** EXERCISE OBJECTIVE **
Begin at the line containing "បាត់ដំបង, កំពត និងកែប។" in the records below, end at the line containing "PIRASO Zuperia Diamond", and retype each line in that span exactly. No other line and no image should appear.

######

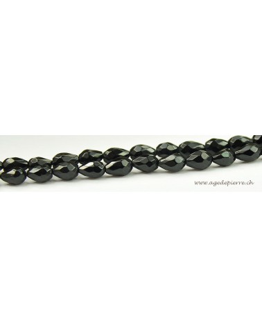 Demi-rang de 33 perles de tourmaline noire taillée en forme de goutte et facettées
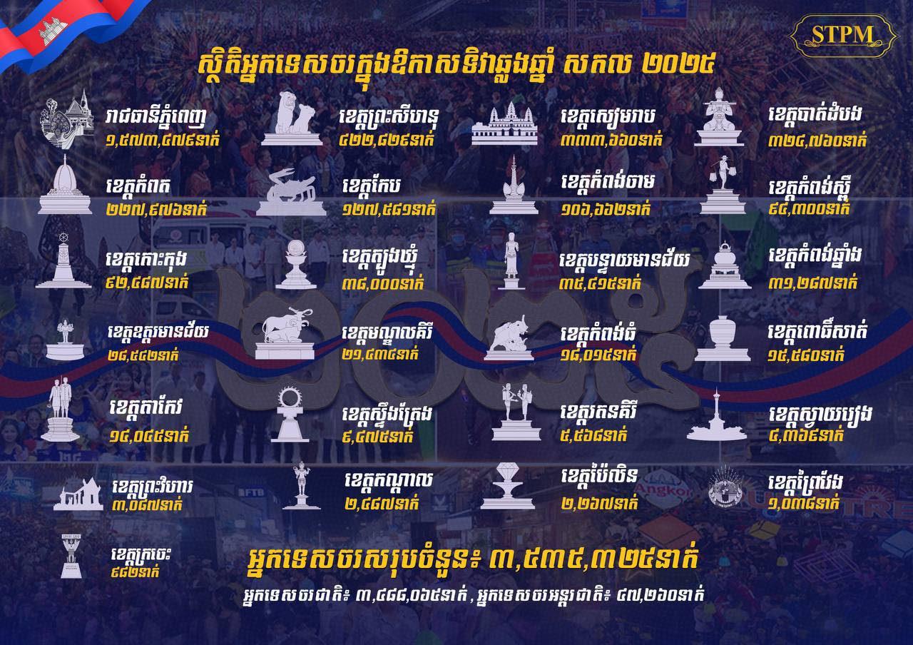 យោងតាមស្ថិតិដែលបានបង្ហាញជូនដោយក្រសួងទេសចរណ៍នាថ្ងៃទី១ ខែមករា ឆ្នាំ ២០២៥ បានឱ្យដឹងថាក្នុងឱកាសឆ្លងឆ្នាំសកល ២០២៤ ឈានចូល ២០២៥ កម្ពុជាបានទទួលភ្ញៀវទេសចរសរុបទាំងជាតិ និងអន្តរជាតិប្រមាណ ៣ ៥៣៥ ៣២៥ នាក់ ក្នុងនោះទេសចរជាតិ សរុបប្រមាណ ៣ ៤៨៨ ០៦៥ នាក់ និងទេសចរអន្តរជាតិ សរុបប្រមាណ ៤៧ ២៦០នាក់។ តាមរយៈស្ថិតិខាងលើក៏បានបង្ហាញផងដែរ ថ្ងៃឆ្លងឆ្នាំសកល ២០២៤ – ២០២៤ រាជធានីភ្នំពេញបានឈរនៅលំដាប់ថ្នាក់ទី១ដែលមានចំនួនអ្នកទេសចរទាំងជាតិ និងអន្តរជាតិមកទស្សនា លេងកម្សាន្តប្រមាណជា ១ ៥៧៣ ៤៧៩ ខណៈខេត្តចំនួន ៥ ផ្សេងទៀតស្ថិតនៅលំដាប់លេខរៀងបន្តបន្ទាប់ក្នុងនោះមានដូចជា ខេត្ត ព្រះសីហនុ , សៀមរាប, បាត់ដំបង, កំពត និងកែប។
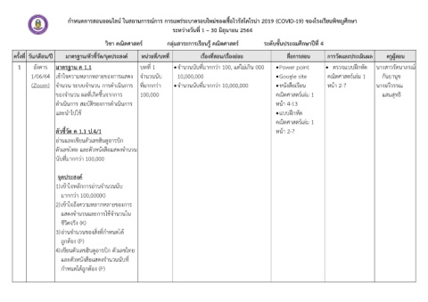 ครั้งที่ วัน/เดอน/ป มาตรฐาน/ตัวชี้วัด/จุดประสงค หนวยที่/บทที่ เรื่องที่สอน/เรื่องยอย สือการสอน การวัดและประเมนผล ครูผูสอน
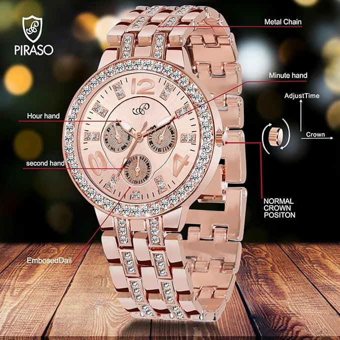 PIRASO Zuperia Diamond Studded Rosegold Analog Watch For women-NK 2569 ROSEGOLD
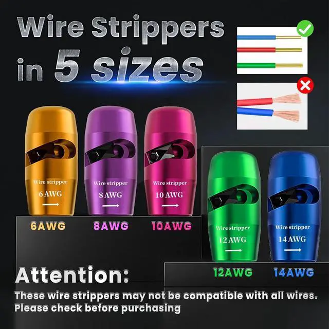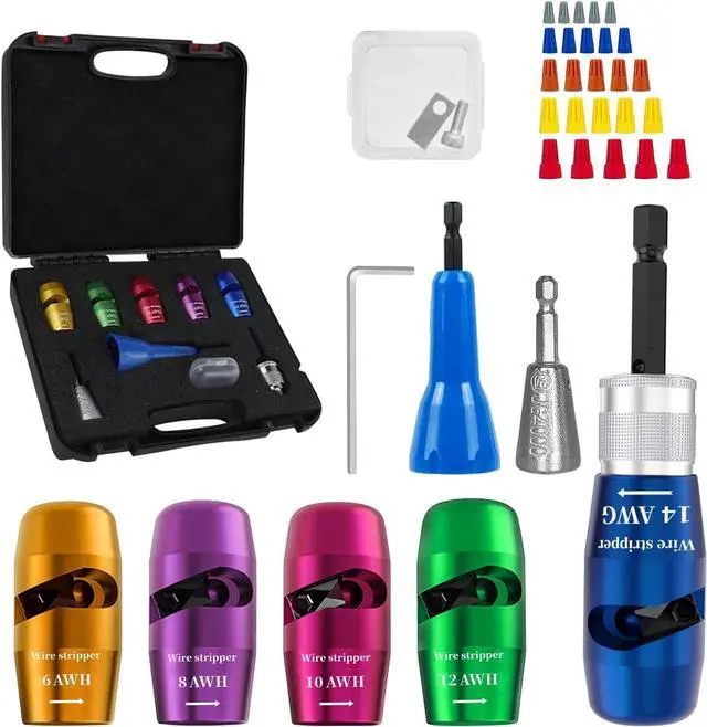 [Comprehensive Electricians Tool Set] This all-in-one set includes 5 wire strippers (14-12-10-8-6AWG), 2 wire twisters, 25 wire nuts, and an additional replacement blade for extended usability. With a 1/4" hexagonal shank design, it works seamlessly with most electric drills. From stripping to twisting and connecting, this wire stripper kit meets all your electrical wiring needs, saving time and eliminating the need for additional purchases.

######

** EXERCISE SOLUTION **
 យោងតាមស្ថិតិដែលបានបង្ហាញជូនដោយក្រសួងទេសចរណ៍នាថ្ងៃទី១ ខែមករា ឆ្នាំ ២០២៥ បានឱ្យដឹងថាក្នុងឱកាសឆ្លងឆ្នាំសកល ២០២៤ ឈានចូល ២០២៥ កម្ពុជាបានទទួលភ្ញៀវទេសចរសរុបទាំងជាតិ និងអន្តរជាតិប្រមាណ ៣ ៥៣៥ ៣២៥ នាក់ ក្នុងនោះទេសចរជាតិ សរុបប្រមាណ ៣ ៤៨៨ ០៦៥ នាក់ និងទេសចរអន្តរជាតិ សរុបប្រមាណ ៤៧ ២៦០នាក់។ តាមរយៈស្ថិតិខាងលើក៏បានបង្ហាញផងដែរ ថ្ងៃឆ្លងឆ្នាំសកល ២០២៤ – ២០២៤ រាជធានីភ្នំពេញបានឈរនៅលំដាប់ថ្នាក់ទី១ដែលមានចំនួនអ្នកទេសចរទាំងជាតិ និងអន្តរជាតិមកទស្សនា លេងកម្សាន្តប្រមាណជា ១ ៥៧៣ ៤៧៩ ខណៈខេត្តចំនួន ៥ ផ្សេងទៀតស្ថិតនៅលំដាប់លេខរៀងបន្តបន្ទាប់ក្នុងនោះមានដូចជា ខេត្ត ព្រះសីហនុ , សៀមរាប, បាត់ដំបង, កំពត និងកែប។
 ครั้งที่ วัน/เดอน/ป มาตรฐาน/ตัวชี้วัด/จุดประสงค หนวยที่/บทที่ เรื่องที่สอน/เรื่องยอย สือการสอน การวัดและประเมนผล ครูผูสอน
 PIRASO Zuperia Diamond Studded Rosegold Analog Watch For women-NK 2569 ROSEGOLD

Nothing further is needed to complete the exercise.